In theory, older people and people with higher levels of education should be more financially stable and find it easier to afford their homes. New research from the University of Iowa suggests that’s not the case.
Jerry Anthony, associate professor in the UI School of Urban and Regional Planning, examined data collected by the Consumer Bankruptcy Project at Harvard University of households from across the United States that filed for bankruptcy in 2007. He assessed the “housing-cost burden” —the ratio of housing costs to income—of families trying to save their homes from foreclosure, looking at factors such as age, income, race, and marital status to see who was hit hardest and why.
Since the late 1980s, financial experts have considered up to 30 percent of income an affordable housing-cost ratio; households that spend more on housing expenses are considered housing-cost burdened.
Anthony found that nearly half of the bankrupt homeowners had exceeded the 30 percent rule of thumb. Three-fourths experienced at least a 30-percent jump in housing-cost burden in the months before bankruptcy filing—often because they took on home-equity loans, missed payments, and ultimately watched the situation snowball into bankruptcy.
“Financial literacy in the U.S. was at an all-time low before 2007-08,” Anthony said. “Banks and mortgage companies had been down playing the risk of borrowing too much, saying that the more you borrow, the more prosperous you will be. They convinced people that their house was an ATM, and the equity in the house was for their spending pleasure. The public has got to be smarter than that.”

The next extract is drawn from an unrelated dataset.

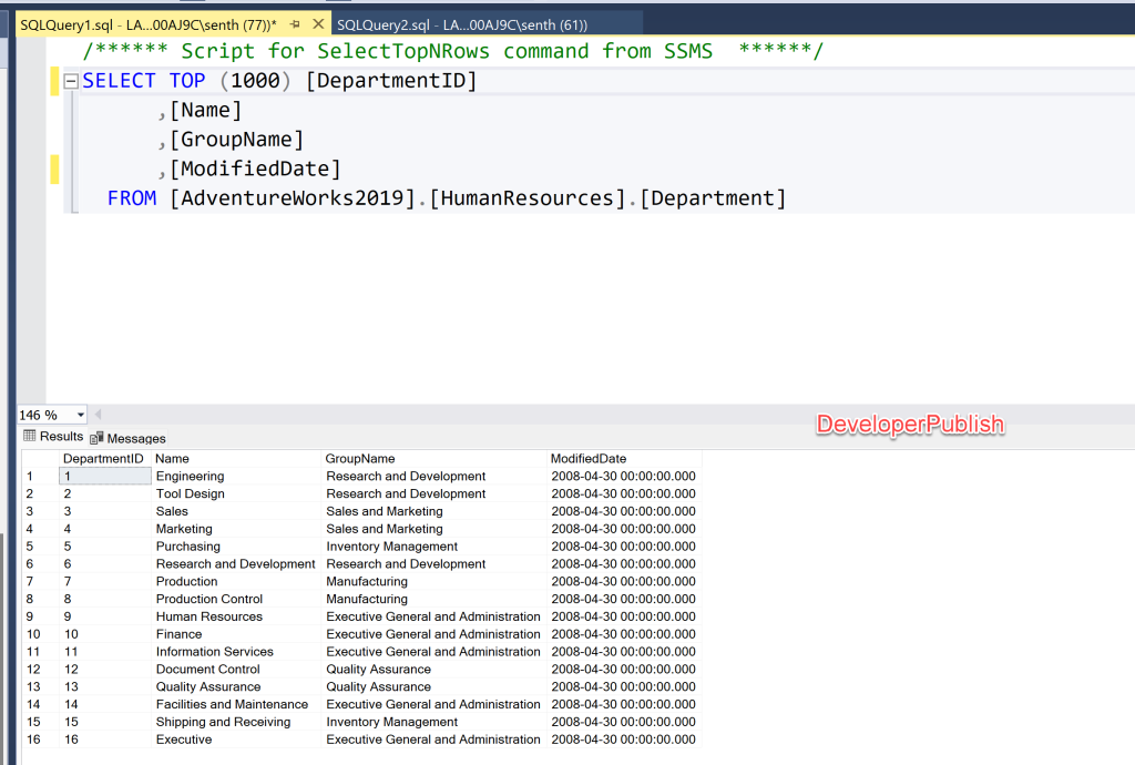 FROM [AdventureWorks2019].[HumanResources].[Department]In this query, the TOP clause specifies a negative value (-1000), which is not allowed and will trigger the error message.

Older homeowners hit harder
One might assume that older people would be less burdened by housing expenses. With their mortgage payment remaining unchanged while their income generally increased, the house should be paid off, or close to it. Anthony found evidence to the contrary. Homeowners 65 or older showed a higher chance of being “housebroke” than those 40 or younger.
Anthony attributes the finding partly to a growing trend among middle-aged and older adults to be in more debt than previous generations. He also blames predatory lending — aggressive marketing by lenders to older people, who took out second mortgages and lacked the income to pay off home equity loans.
“During the run up to the housing crisis, in the early 2000s, mortgage companies targeted people with equity in their homes, enticing them to borrow with statements like, ‘This is a great time to tap into your equity to buy that boat or take that around-the-world cruise you’ve always wanted to go on,’” Anthony said.
That person may have their house paid off, but has limited income as a retiree — perhaps living off of a pension and Social Security checks. While the monthly payment on the equity loan might only run $200, unexpected expenses like medical bills could throw things off. A couple of missed payments balloon due to late fees and interest charges, and the retirees are in deep financial trouble.
“For $200 a month, they lost their home that they had paid on for 30 years,” Anthony said. “It’s tragic. They worked hard, they had solid jobs, and they achieved the American dream. But the American dream became the American nightmare.”
Too smart for their own good
More education is usually associated with better financial outcomes, but Anthony found that households with less education were better off — at least in terms of keeping housing costs reasonable.
Comparing households with two or less years of college to those with four or more years, Anthony found that the group with less education was half as likely to exceed the 30 percent ratio.
Anthony says homeowners with more education outsmart themselves. They consolidate other debt, like credit card balances, into the mortgage loan because the interest rate is lower, and the interest can be deducted on income tax returns.
The down side is that move increases their housing cost ratio.
“They put all of their eggs in one basket by securing all of their loans with their house,” Anthony said. “They didn’t think that if they miss a few credit card payments, the credit card company won’t come after their house. But if they miss a few mortgage payments, the mortgage lender will,” Anthony said.